When I was twenty, I went on this date with a person and made the genuine but earnest mistake of telling him I wanted to write a book. “Every girl wants to write”, he scoffed. I laughed it off. Of course I did. I didn’t have the nous to scream. “I DON’T WANT TO WRITE, I NEED TO WRITE!!!,” and get up and go home. (Don’t get me started on the Things I Should Have Said list.)
I don’t want to write, I need to write. I find writing, language, the floral and the succinct,
incredibly romantic,
quite decadent, heavenly, sexy
a massive relief.
But all this is not why I write. I meet the pen - or let's be honest - keyboard, to find out what I think, what flowers or wars have been working through my body. I would be doing strange(r) things if I did not. I would be angrier. I might scream.1 I might miss the odd, wonderful petals and buds taking shape. I might miss the large and small changes in the heart.
I write to give the chaos,
the beauty,
the delight,
the bunching up of emotion,
the loss,
the unmet, summer rage,
somewhere to go. My fingers are the exit route. The page, digital or otherwise, is the picture of results. The wildest part is that it works! Something happens when you write down exactly what you are thinking. Not the curated, polite, appropriate thing, but the raw, unfiltered, unsayable.

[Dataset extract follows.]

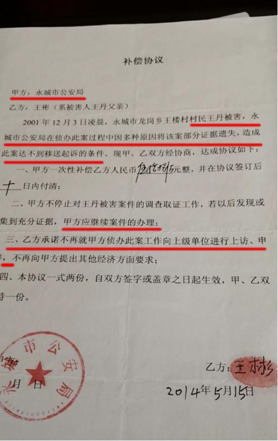 “2014年5月,永城市公安局要我签署一份协议,补偿58万元,要我承诺不要再向上级申诉,他们也承诺不停止案件的侦办、调查取证。”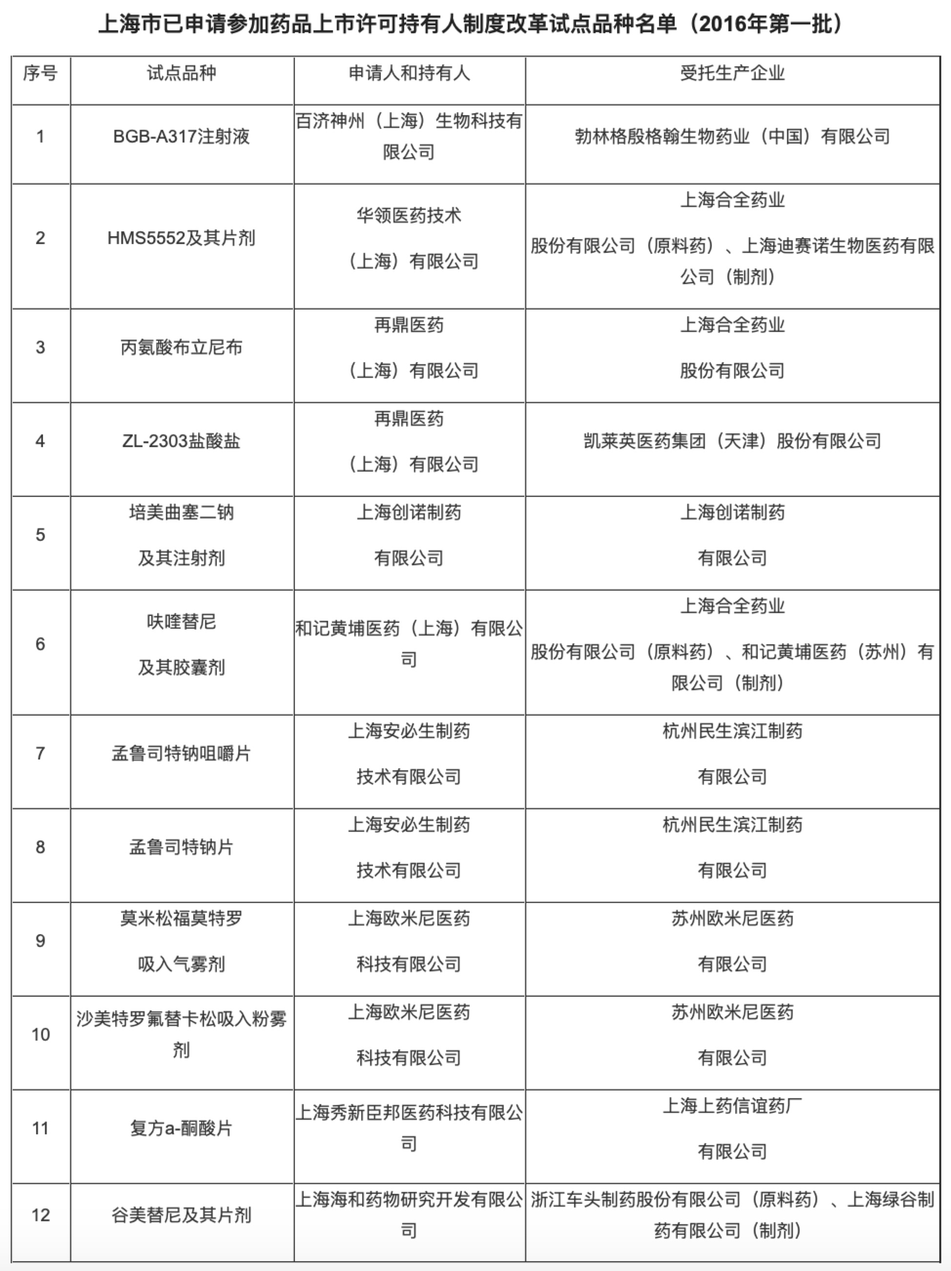 同年10月,上海公布首批试点品种名单。9家药物研发机构、11家药品生产企业递交了12个品种参加药品上市许可持有人制度改革试点的申请资料。其中,和记黄埔医药研发的呋喹替尼胶囊进入上海市食药监局MAH制度首批试点品种名单。

The first thing is that it surprises you. The second is that something shifts. It is not about working anything out or writing your way to the answer. It’s about being entirely present. Quieting the unending loop. Listening to the stillness of your body, and letting it tell on you. It is about finding and naming the existing internal weather.
I’ve been developing a form of poetic repatterning™, not as a wordy or complicated concept, but as a daily act, a way of returning to the self through rhythm, metaphor and reflection. I’ve been talking so much about recalibration.
the utter - a place not to over-intellectualise pain, discomfort, or the unnamable, but to meet it in language. Let me tell you what else I do when I Just Can’t.
I sharpen my art of noticing, in the literal or abstract. I think of one line detailing how I feel (usually a metaphor), which may or may not make sense to me. I let it be strange, raw, and honest.